The ICU's ideology was an unstable mixture, and the movement developed highly unevenly. At times, ICU leaders promoted a radical vision of workers and tenant farmers taking over white farms. In the late 1920s the movement took on a millenarian aspect in the rural Eastern Cape where predictions of airborne liberation by African Americans captured the imagination of thousands of people. Yet the ICU also made extensive, and often successful, use of the (white-run) courts. In the late 1920s, the South African ICU briefly sought to reposition itself as a moderate, orthodox trade union.

There was some overlap of membership between the ICU and the then-moderate (and tiny) African National Congress, but the two bodies were often rivals, despite several ICU attempts to influence Congress. Members of the Communist Party of South Africa played an important role in the early ICU, but were expelled in 1926.

By the late 1920s the South African ICU faced severe repression, especially the eviction of activists from white farms and laws enabling crackdowns on key figures.
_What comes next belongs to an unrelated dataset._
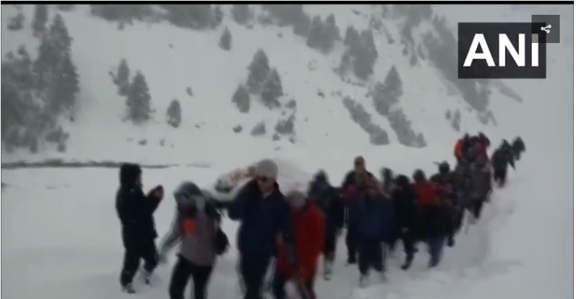 Sống trên dãy Himalaya, nhóm dân làng ở Lahaul-Spiti, bang Himachal Pradesh hôm 17-1 đã tập hợp thành một nhóm hỗ trợ viên cảnh sát địa phương đến nơi an toàn, dù phải trải qua hành trình đi bộ đường dài.

This repression was enabled by the Industrial Conciliation Act, 1924, which exempted non-whites from labor laws and refused them legal recognition as employees. Meanwhile, the union had severe internal weaknesses, including unaccountable leaders, corruption and a lack of clear strategy. In 1928 the union was still able to play a major role in the famous women's beer hall boycott in Durban, where in the 1930s the union had its own hall in Prince Edward Street in Durban, and undertook mass marches through the suburb of Sydenham.

The Zimbabwean ICU faced similar challenges, but grew quite rapidly into the 1930s, emerging as a major black political force. Like the South African ICU, it had a large rural base, as well as an influence in black urban areas. It experienced some decline, but continued to operate in the form of the Reformed ICU into the mid-1950s. In Zambia, ICU groups were active from 1931, but never attained the size and power of the two southern ICUs. In Namibia, the ICU was mainly active in the port town of Lüderitz.

In 1935 Rachel Simons was the secretary of the union.

Contemporary analysts and currents sympathetic to an autonomous and self-directed politics of the poor are increasingly revisiting the history of the ICU.